A la luz de lo anterior, los juegos de azar, rifas o loterías por dinero o por cualquier cosa de valor en el contexto de una asociación comunitaria violan el Capítulo 849 de los Estatutos de Florida, incluso en la medida en que la asociación comunitaria no reciba una parte de los ingresos o una parte de los ingresos vaya a una «causa benéfica».»Una asociación de la comunidad de patrocinio, realización, promoción, publicidad, o ayudar con tales actividades ilegales – o incluso tener «fugaz conocimiento» de que los miembros y sus invitados, de manera independiente, intentar patrocinar, dirigir, promover o anunciar en la asociación de la propiedad y de la asociación de la comunidad por no tomar medidas para detener las actividades ilícitas – puede exponer a la asociación de la comunidad, sus empleados, directores, y/o sus miembros de la junta directiva de la responsabilidad penal.
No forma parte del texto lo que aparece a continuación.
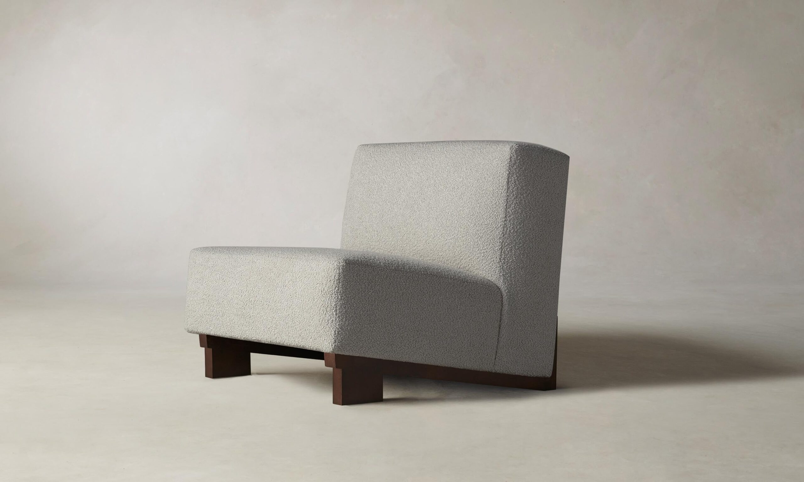 The Remsen chair’s bold proportions and streamlined silhouette are informed by Art Moderne design. It has a low-slung seat that sits at an angle atop a sculptural white oak base.
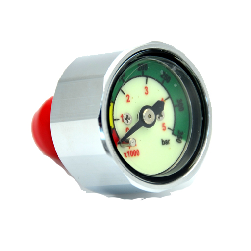 Featuring a clear, color-coded dial and a tough, chrome-plated brass housing, the Nautilus Button SPG reads pressure at a glance—no hose required. Its compact profile mounts directly into any standard 7/16” high-pressure port, making it ideal for streamlined setups where space and simplicity matter most.
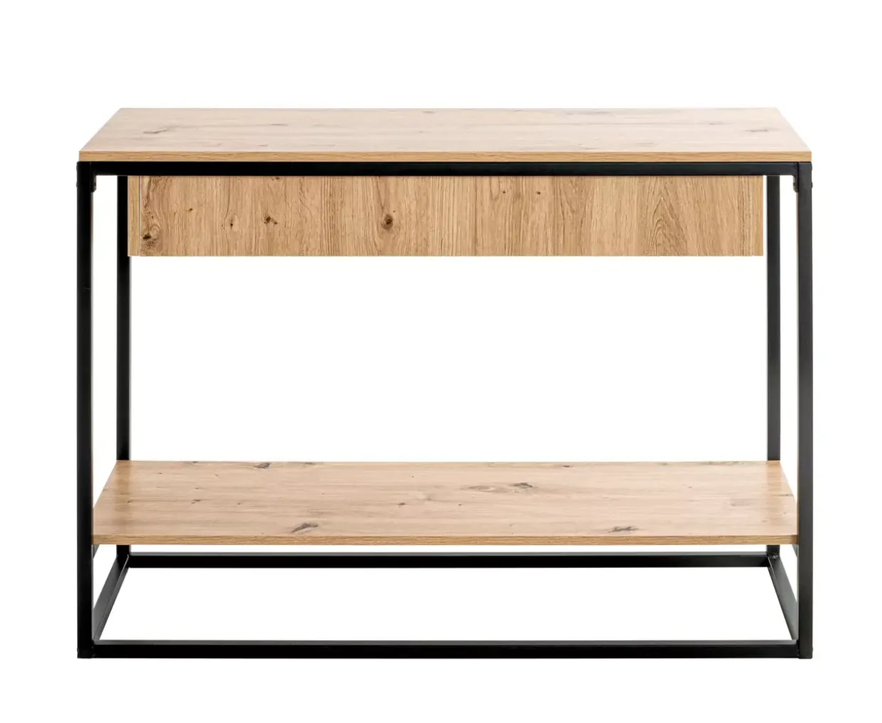 Quadratrohr-Füße tragen zur stabilen Struktur der Konsole bei und bieten eine solide Basis. Diese besondere Fußform unterstreicht den modernen Charakter des Möbels und sorgt gleichzeitig für eine harmonische Balance zwischen Funktionalität und Ästhetik. Die Bergen Konsole ist in verschiedenen Farbvarianten erhältlich, darunter klassische Eiche oder eine Kombination aus Eiche und Metall, die jedem Raum einen Hauch von Raffinesse verleihen.
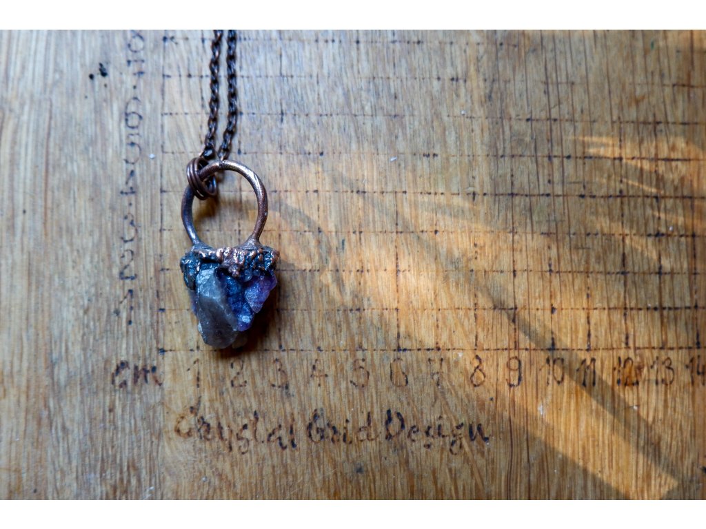 Přívěsek je vytvořený galvanizační technikou (electroforming) z mědi, citrínu a auralitu 23.

La conducta delictiva de una corporación también presenta problemas potenciales adicionales, que incluyen, entre otros, la pérdida del derecho a la presunción de indemnización (exención de responsabilidad) en caso de que se inicien procedimientos legales y exclusiones de la cobertura de la mayoría de las pólizas de seguros, incluidas las pólizas de responsabilidad de Directores y funcionarios (D&O).

En consecuencia, se aconseja que las asociaciones comunitarias nunca traten de llevar a cabo o patrocinar juegos de azar, sorteos o loterías por dinero o por cualquier cosa de valor en la propiedad de la asociación, y recuerden a sus miembros que estas actividades son ilegales y no están permitidas en ningún lugar de la propiedad de la asociación. En la medida en que los miembros o sus invitados no cumplan con la ley de Florida (y probablemente también con los documentos que rigen la asociación comunitaria) con respecto a estas actividades, las asociaciones comunitarias deben consultar con sus proveedores de servicios legales. La asociación comunitaria puede tener la autoridad de imponer multas razonables y / o suspender los derechos de los miembros para usar las instalaciones comunes, o iniciar acciones legales para obligar al cumplimiento de los documentos rectores.